Course content

Maximum number of participants is 20. PhD candidates at NTNU, Faculty of Medicine and Health Sciences and NORBIS members are given first priority.

The course focuses on the understanding of genetic epidemiology concepts and understanding of genetic variation in the population. Topics to be taught are study design, analysis methods (whole genome, mendelian randomization and functional follow-up), bias and confounding in analyses, implication of functional findings, the use of registry data and ethical considerations.

Learning outcome

After completing the course, the student should understand the concepts of genetic epidemiology, understand how genetic variation manifests itself in the population and how it can be studied. Know important tools and analysis methods for genome-wide analyses. Be able to assess and discuss results from such analyses, understand implications of functional findings and suggest follow-up analyses. Know analysis methods for MR-analyses. Be able to describe the construction of an instrument variable and assess the validity of such. Be able to assess and discuss results from MR-analyses.

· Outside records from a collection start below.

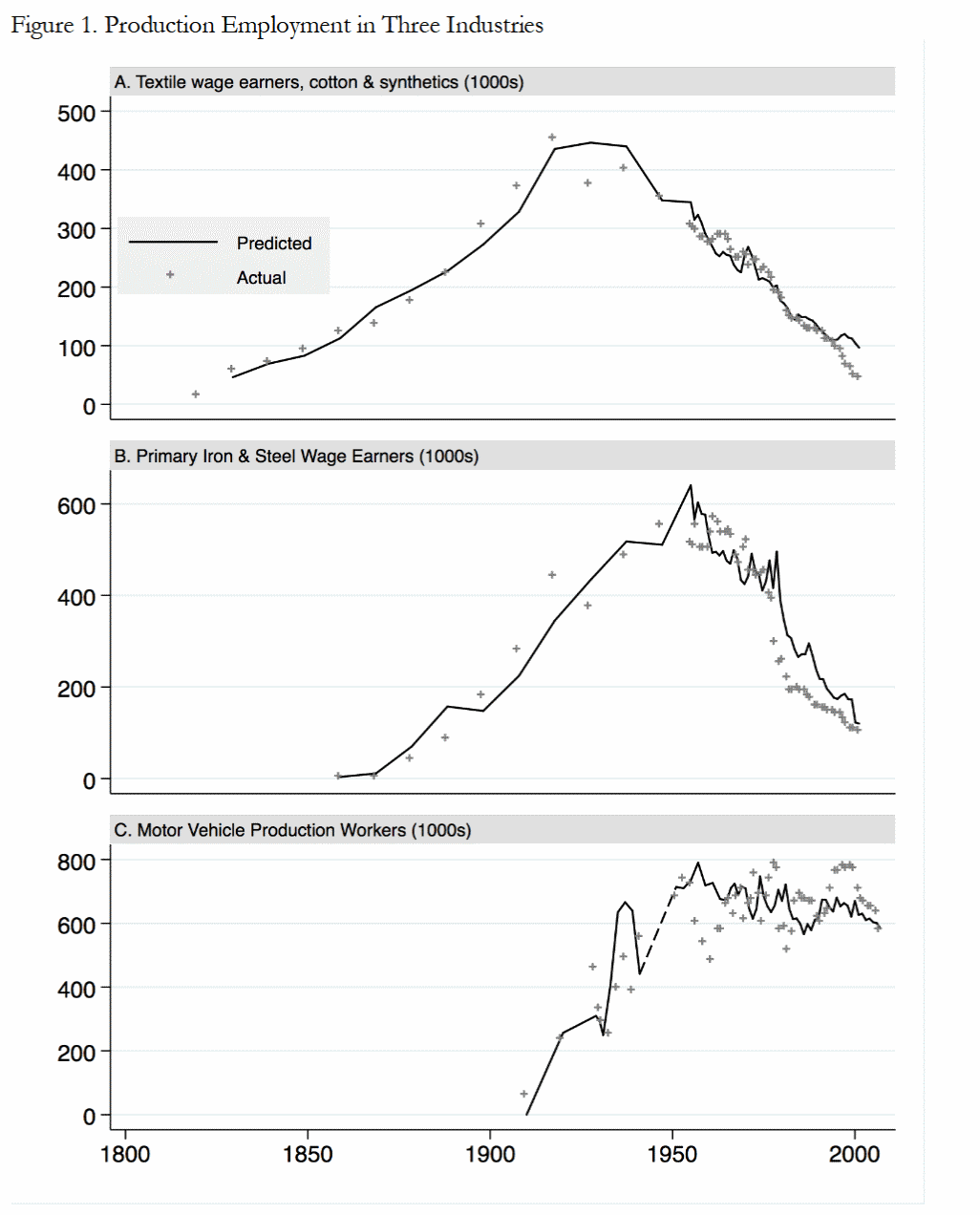 James Bessen in his paper for Economic Policy12 analyzes this effect across three industries: US textile, steel, and automotive. Over 150 years of technological progress, the number of textile workers earners and iron & steel workers first went up, and then came down. On the other hand, over the past hundred years or so, the number of automotive workers has gone up, and then stayed flat. See chart below.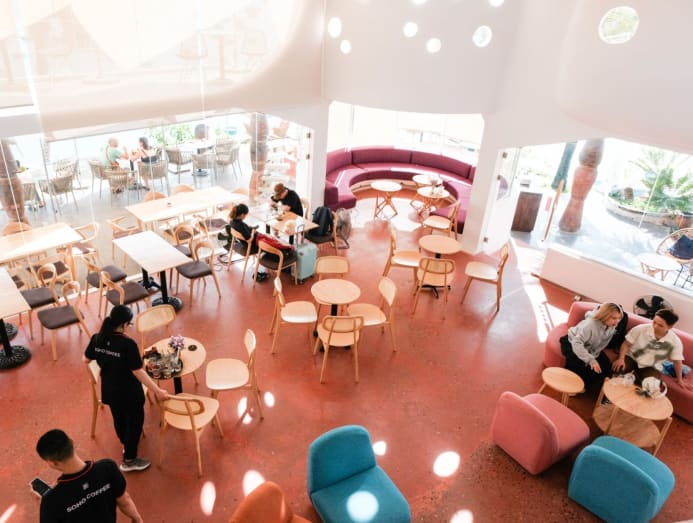 Sipping on ice-cold Vietnamese coffee infused with coconut, I savoured the sight of the endless blue dotted with dozens of fishing boats and Vietnam’s iconic round basket boats. If it gets too warm, you can seek refuge within the cafe’s soothing terracotta, white tones and pastel interiors.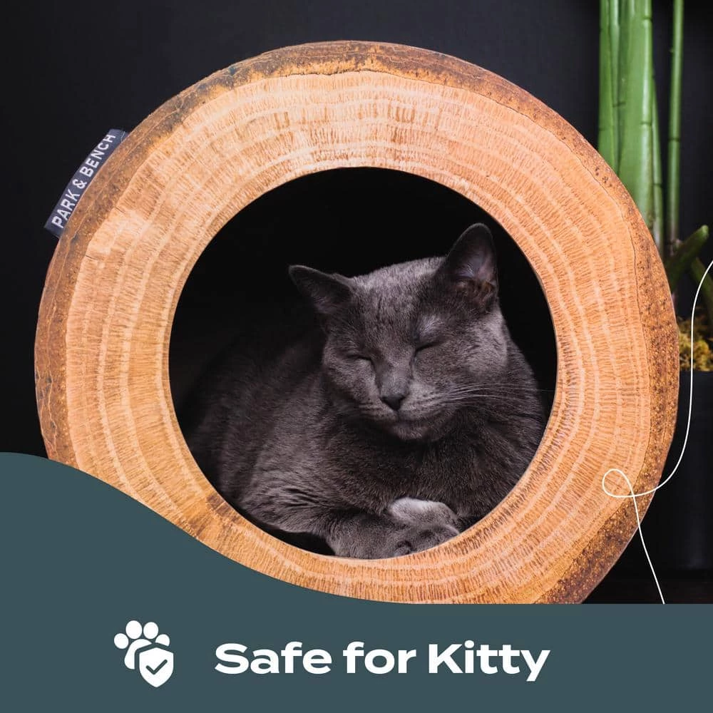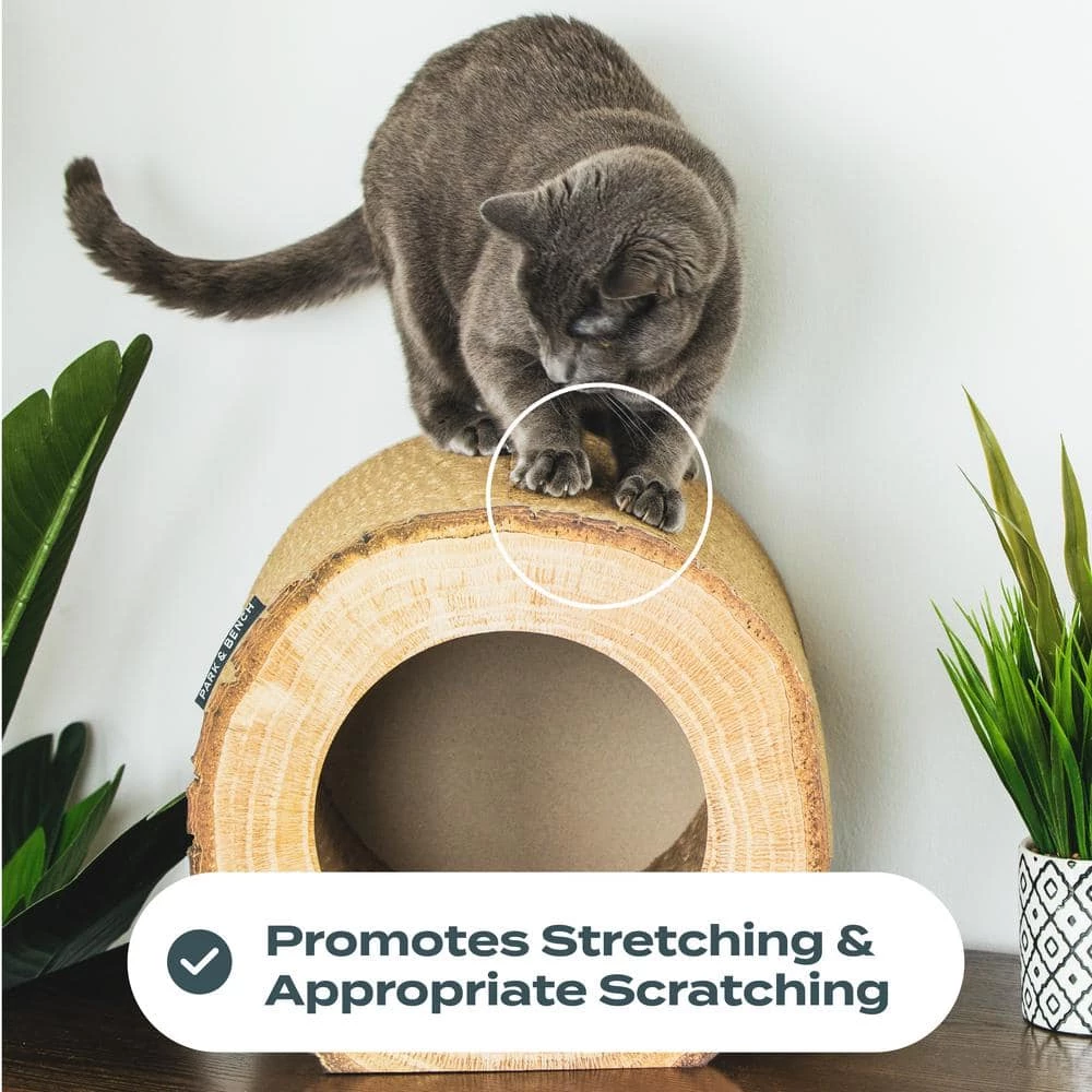 - Exercise and personal hygiene – the tree-trunk shaped scratcher not only entices kitty to sharpen its claws and stretch its muscles, it also invites your cats to zoom through its tunnel, which is a fun, high-energy way many cats play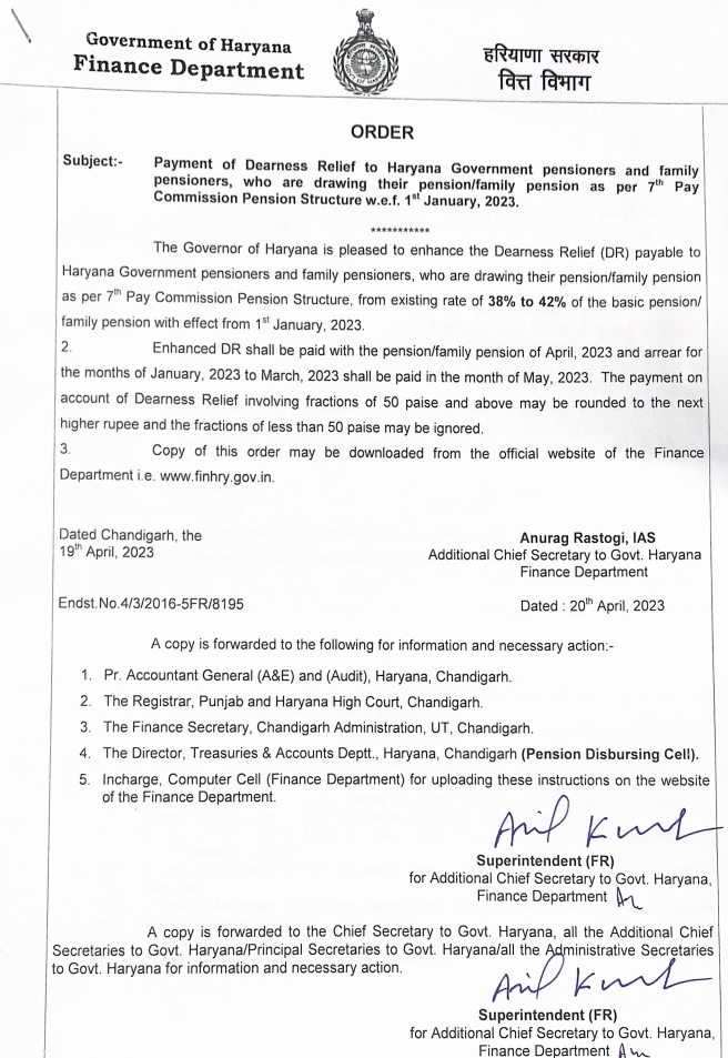 Haryana Government has increased the Dearness Allowance (DA) of Pensioners and Family Pensioners in the State. According to a notice, the Governor of Haryana is pleased to enhance the Dearness Relief (DR) payable to Haryana Government pensioners and family pensioners, who are drawing their pension/family pension as per 7 Pay Commission Pension Structure, from existing rate of 38% to 42% of the basic pension/ family pension with effect from 1 January, 2023.

Learning methods and activities

Teaching modalities: Lectures and problem solving. All lectures and problem solving activities are mandatory.

Compulsory assignments

Presence at lectures

Specific conditions

Recommended previous knowledge

Recommended background knowledge: KLMED8004 Medical statistics I, KLMED 8005 Medical statistics II, Introductory course in epidemiology (eg. Master course in epidemiology), basic knowledge in genetics, basic skills using R and/or basic skills and abilities to work in a Linux system

Required previous knowledge

Admission requirements: Master degree or similar. Medical students at the students Research Program. Candidates with a lower degree will be assessed individually.

Course materials

Given material, lecture notes and published articles.